Because, suppose a function $f:A\to B$ is symmetric about y axis, then we have,

$\longrightarrow f(-h)=f(h)\quad\!\forall h\in A$

This is the condition for a function being even. Hence $f$ is an even function.
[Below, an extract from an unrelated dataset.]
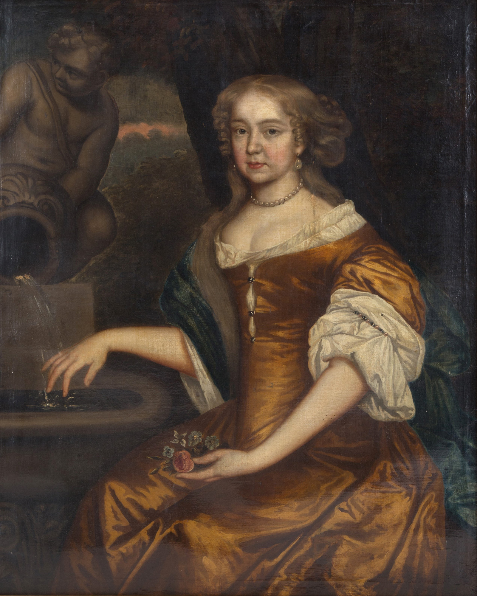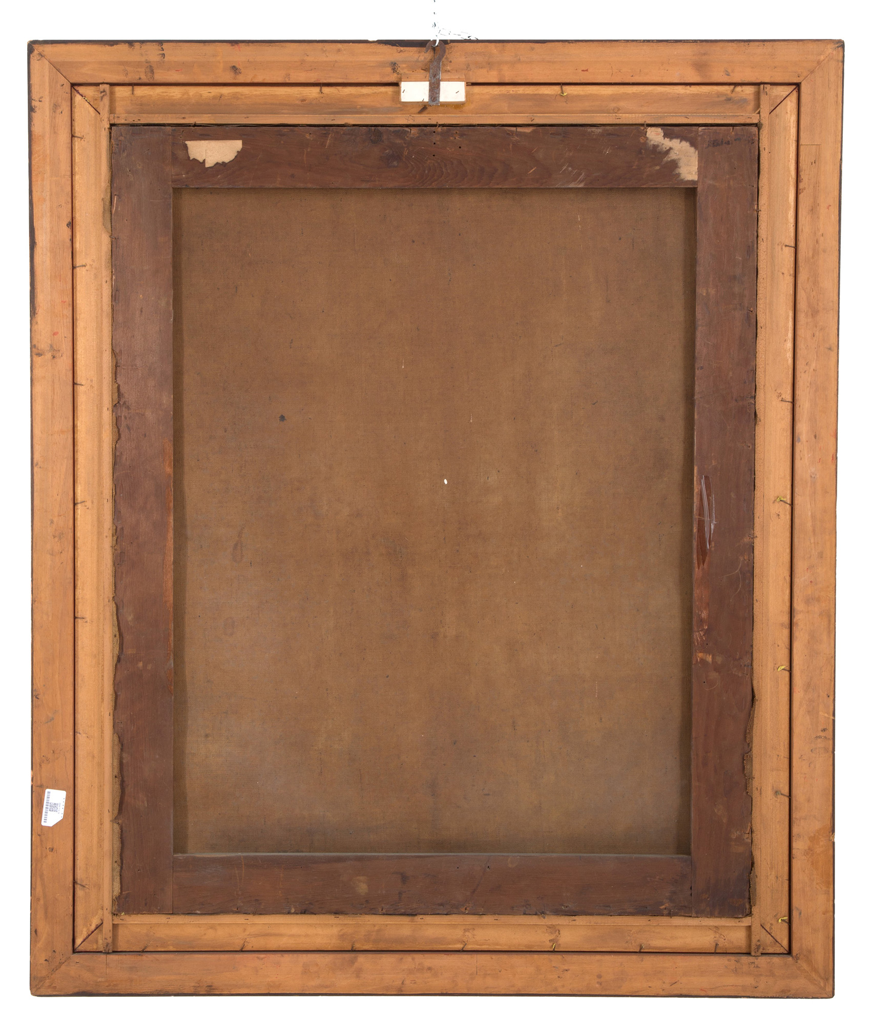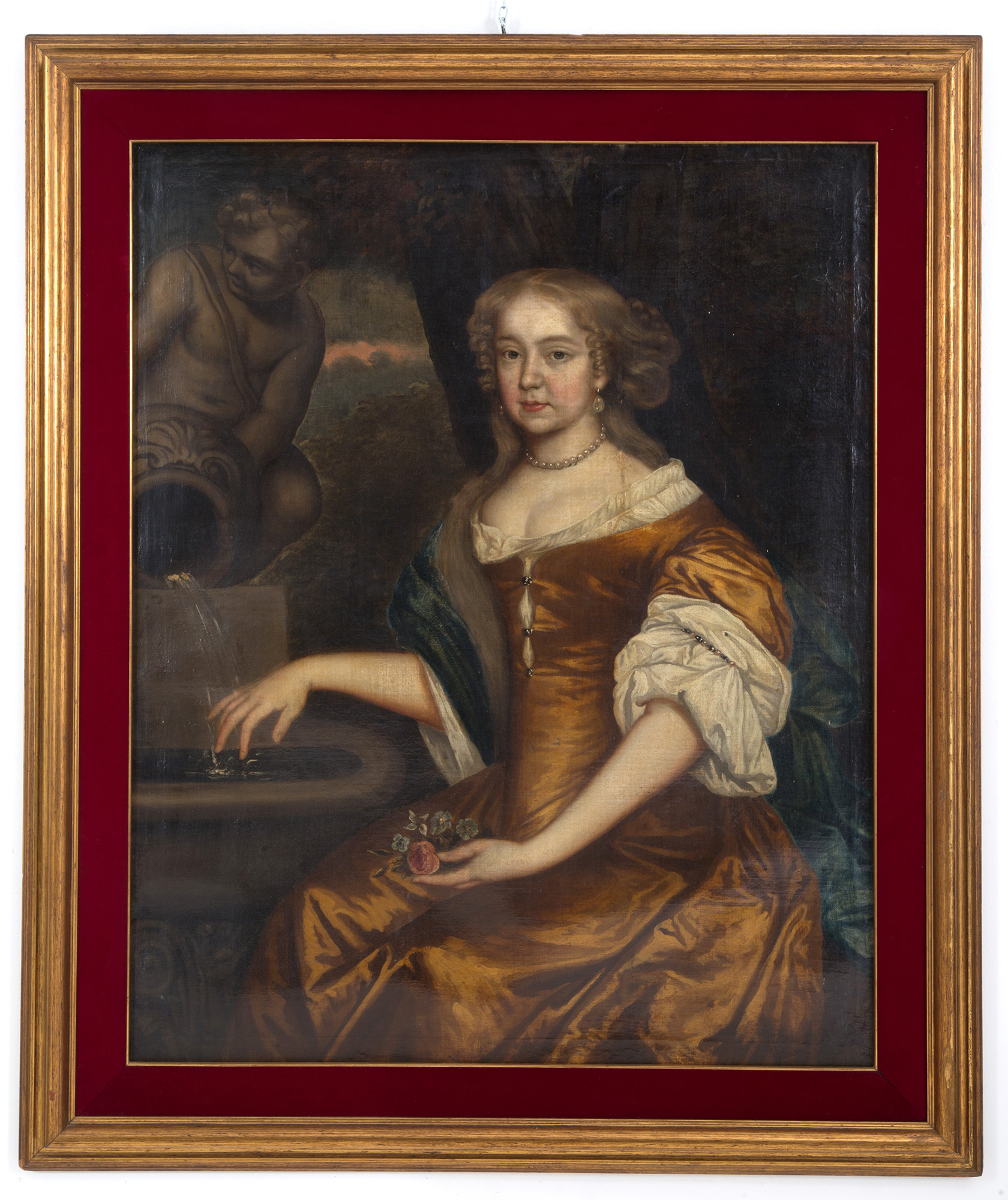 19th CENTURY ENGLISH SCHOOL. Oil painting on canvas depicting "LADY AT THE FOUNTAIN". In frame. Defects and restorations. 123x100cm approx. SCUOLA INGLESE DEL XIX SECOLO. Dipinto olio su tela raffigurante "DAMA ALLA FONTANA". In cornice. Difetti e restauri. 123x100 cm ca.

Let us consider first function.

$\longrightarrow f(x)=\log_e\left(x+\sqrt{x^2+1}\right)$

Replacing $x$ by $-x,$

$\longrightarrow f(-x)=\log_e\left(-x+\sqrt{(-x)^2+1}\right)$

$\longrightarrow f(-x)=\log_e\left(-x+\sqrt{x^2+1}\right)$

But, on multiplying and dividing $x+\sqrt{x^2+1}$ with $-x+\sqrt{x^2+1},$

$\longrightarrow f(-x)=\log_e\left(\dfrac{(-x+\sqrt{x^2+1})(x+\sqrt{x^2+1})}{x+\sqrt{x^2+1}}\right)$

$\longrightarrow f(-x)=\log_e\left(\dfrac{(\sqrt{x^2+1}-x)(\sqrt{x^2+1}+x)}{x+\sqrt{x^2+1}}\right)$

$\longrightarrow f(-x)=\log_e\left(\dfrac{x^2+1-x^2}{x+\sqrt{x^2+1}}\right)$

$\longrightarrow f(-x)=\log_e\left(\dfrac{1}{x+\sqrt{x^2+1}}\right)$

$\longrightarrow f(-x)=\log_e\left(x+\sqrt{x^2+1}\right)^{-1}$

$\longrightarrow f(-x)=-\log_e\left(x+\sqrt{x^2+1}\right)$

That is,

$\longrightarrow f(-x)=-f(x)$

This means $f(x)$ is an odd function. So its graph is not symmetric about y axis.

Hence (A) is wrong.

Let us consider second function.

$\longrightarrow f(x+y)=f(x)+f(y)\quad\!\forall x,\,y\in\mathbb{R}$

Take $y=0.$

$\longrightarrow f(x+0)=f(x)+f(0)$

$\longrightarrow f(x)=f(x)+f(0)$

$\longrightarrow f(0)=0$

And take $y=-x.$

$\longrightarrow f(x-x)=f(x)+f(-x)$

$\longrightarrow f(0)=f(x)+f(-x)$

$\longrightarrow 0=f(x)+f(-x)$

$\longrightarrow f(-x)=-f(x)$

This implies $f(x)$ is an odd function. So its graph is not symmetric about y axis.

Hence (B) is wrong.

Let us consider third function.

$\longrightarrow f(x)=\cos x+\sin x\quad\quad\dots(1)$

Replacing $x$ by $-x,$

$\longrightarrow f(-x)=\cos (-x)+\sin (-x)$

$\longrightarrow f(-x)=\cos x-\sin x\quad\quad\dots(2)$

Subtracting (2) from (1),

$\longrightarrow f(x)-f(-x)=\cos x+\sin x-\cos x+\sin x$

$\longrightarrow f(x)-f(-x)=2\sin x$

$\longrightarrow f(-x)=f(x)-2\sin x$

If $\sin x=0$ only,

$\longrightarrow f(-x)=f(x)$

Since $\sin x\neq0$ for every $x$ (not considering values of $x$ satisfying the equality particularly), $f(x)$ is not an even function and so the graph is not symmetric about y axis.

Hence (C) is wrong.

Therefore, the correct answer is (D) None of these.